Try it anyway. The “worst case scenarios” that I concoct when I imagine attempting an activity developed for small classes never really seem to happen. I probably fear that the mild noise, mess, and chaos of smaller classes will escalate into a completely wasted class period with so many students. Thankfully, that hasn’t happened (. . . yet?) largely because a little technology can neutralize the few inflection points where things would most likely derail (e.g. 225 students physically marking the chalkboard).
Redeem the smart phone! Don’t underestimate the tiny computers that most of your students already bring to class. QR codes–those pixelated square codes you scan–and shortened URLs (e.g. tiny.cc; bit.ly) can direct students to an applet, Google Sheet (Form, Doc, etc), or anything else on the web right from their seats. Students can even share with a neighbor or look over the shoulder in front of them–particularly in stadium seat lecture halls. As another example, my class uses the Lock5 text and the accompanying StatKey software which works great on a smart phone. I can introduce authentic data analysis tasks during “lecture” for students to tackle in pairs; one runs StatKey, the other takes notes.
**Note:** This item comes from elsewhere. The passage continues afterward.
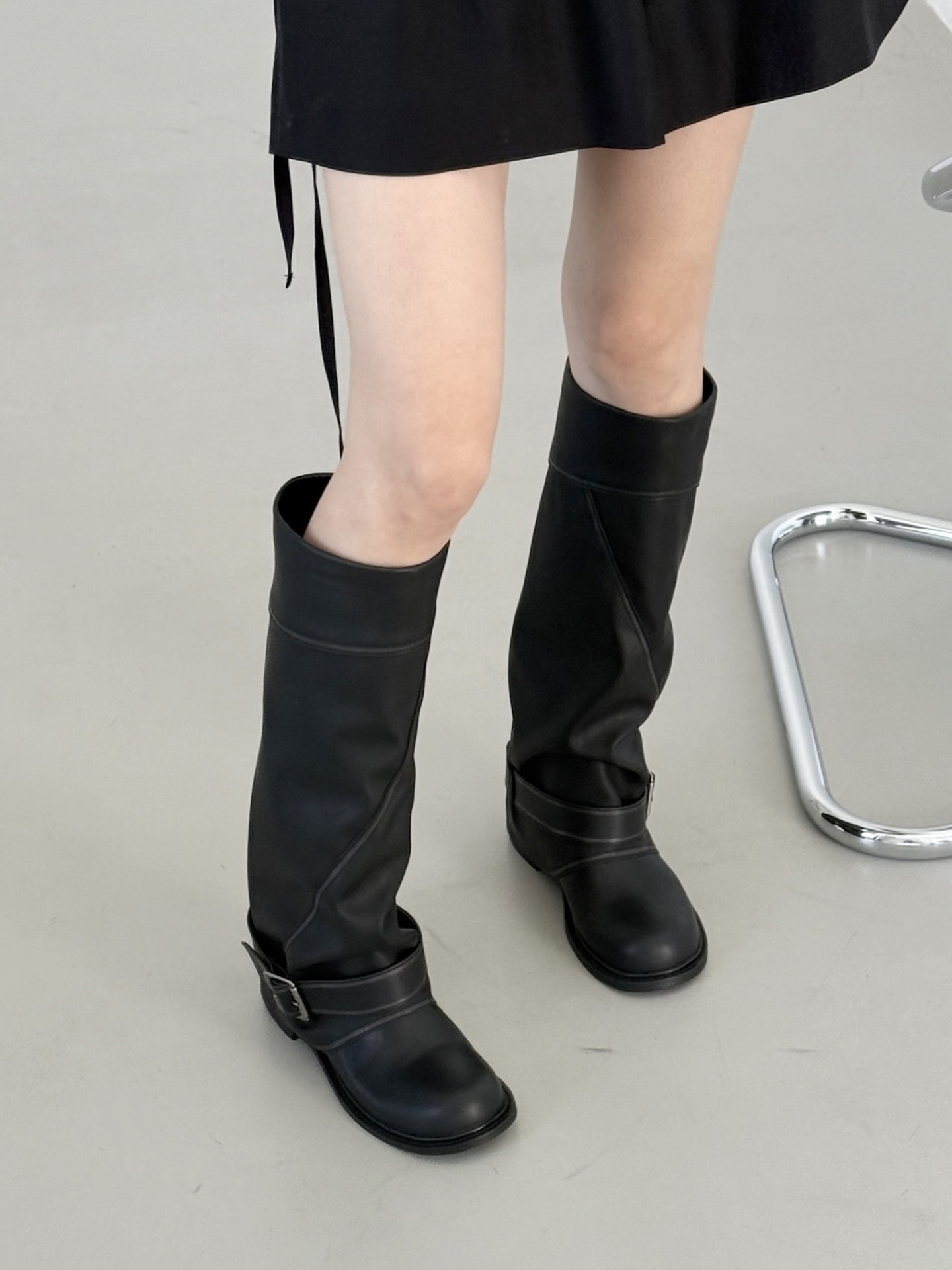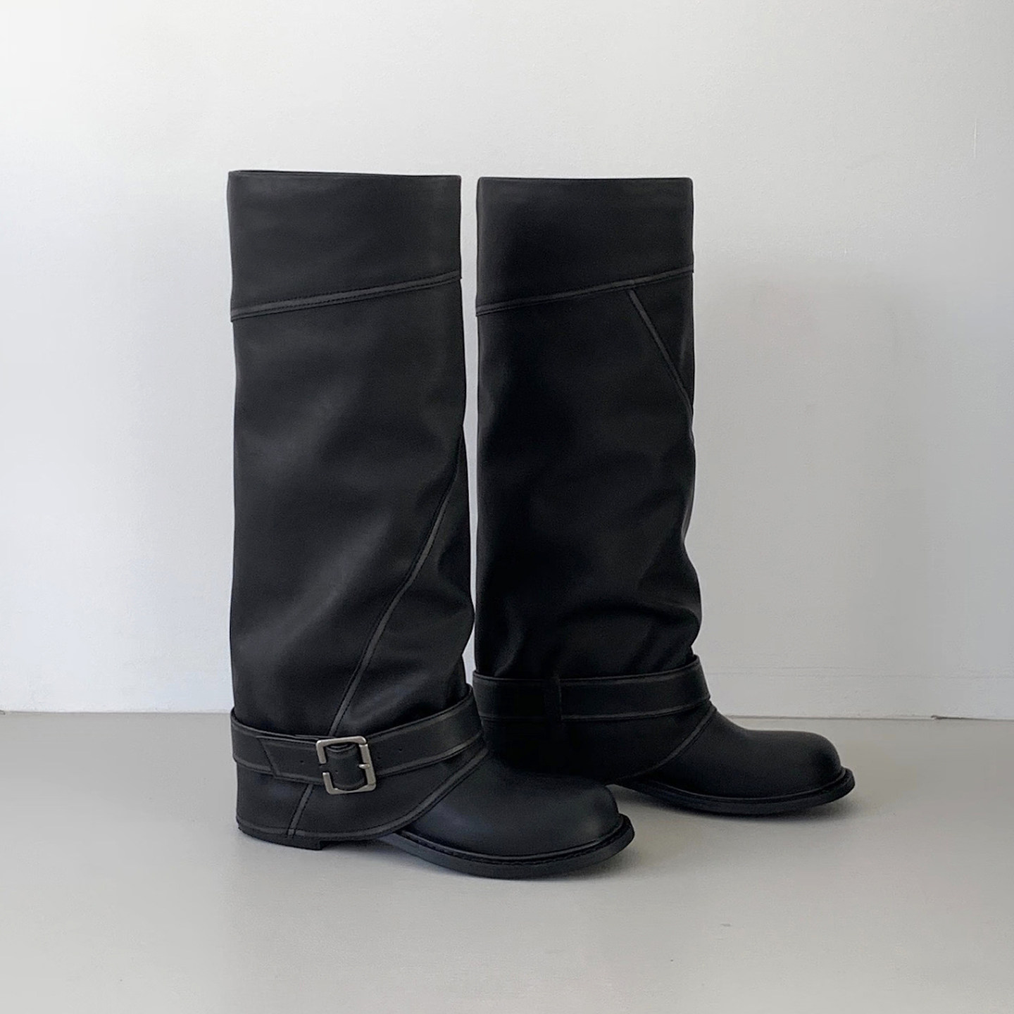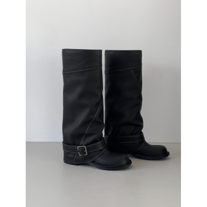 牛皮版~韓國小衆寬口顯瘦高筒褲琯靴女皮帶釦西部長靴拼接長筒靴

The large enrollment actually has some perks. Since the class is large, class data sets are that much closer to Asymptopia. I’m sure I’m not the only one who’s attempted to use a class plot to lay the groundwork for the CLT and wound up with a skewed or bimodal-looking mess that looks nothing like the bell-shape I had in mind. . . Furthermore, rare events and oddities that lead to interesting discussions almost always show up. Someone will enter the count rather than proportion, and someone else usually observes something rare just by chance. Since I’m the gatekeeper for the class plot, I decide whether there’s time to discuss data entry errors or if we need to filter them out and plow ahead in the interest of time. Also, a student with no blue M&Ms, for example, isn’t hypothetical or a mistake. Rare events in the tails of the distribution really do happen!
Keep an eye toward the big picture. You’ll rarely need 100% cooperation to make your point. For example, in the M&M activity some students eat the candy before we start, others won’t get to the spreadsheet in time, and some didn’t get M&M’s to begin with! Even if only 50 students fully participate (< 25% in my case), the illustration still serves its purpose and benefits the whole class.